Emergency planning in Wales is carried out in line with the Civil Contingencies Act 2004 however as a result of devolution it is managed with its own ‘welsh flavour.’ For instance there are unique bodies operating in Wales like The Joint Emergency Services Group (JESG) and there is involvement from The Welsh Government.

Wales Resilience Forum
The Wales Resilience Forum is the highest level of emergency planning in Wales. It meets three times a year and is chaired by the First Minister.

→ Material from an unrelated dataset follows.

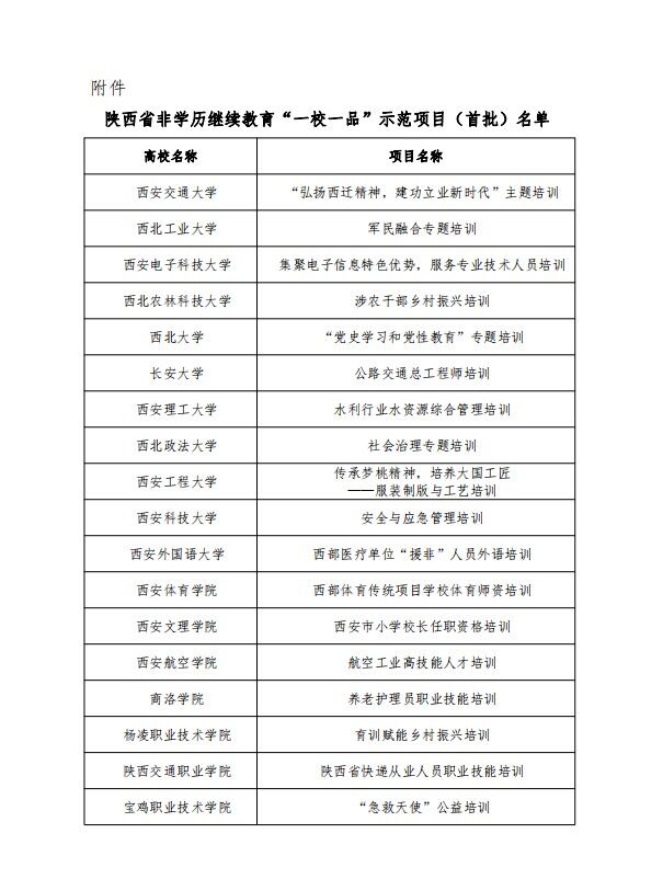 2022年陕西省高等继续教育学会组织开展非学历继续教育“一校一品”项目评选活动,全省共有25家高校的41个项目参评。经陕西省非学历继续教育“一校一品”项目专家组评审,近日确定西安交通大学等高校的18个项目入选陕西省非学历继续教育“一校一品”首批示范项目,beat365申报的“航空工业高技能人才培训”项目成功入选。

Regional Local Resilience Forums

There are four Local Resilience Forums (LRF) in Wales, based on the areas of the four Welsh Police Areas:
Dyfed Powys Local Resilience Forum (Dyfed Powys LRF or DPLRF)
Gwent Local Resilience Forum (Gwent LRF or GLRF)
North Wales Local Resilience Forum (North Wales LRF or NWLRF)
South Wales Local Resilience Forum (South Wales LRF or SWLRF)
Each LRF includes the regional emergency services, the principal councils, and local health boards, a number of other government agencies that have responsibilities in the region, such as Public Health Wales and the Health and Safety Executive, and also transport agencies, utility companies, and the military.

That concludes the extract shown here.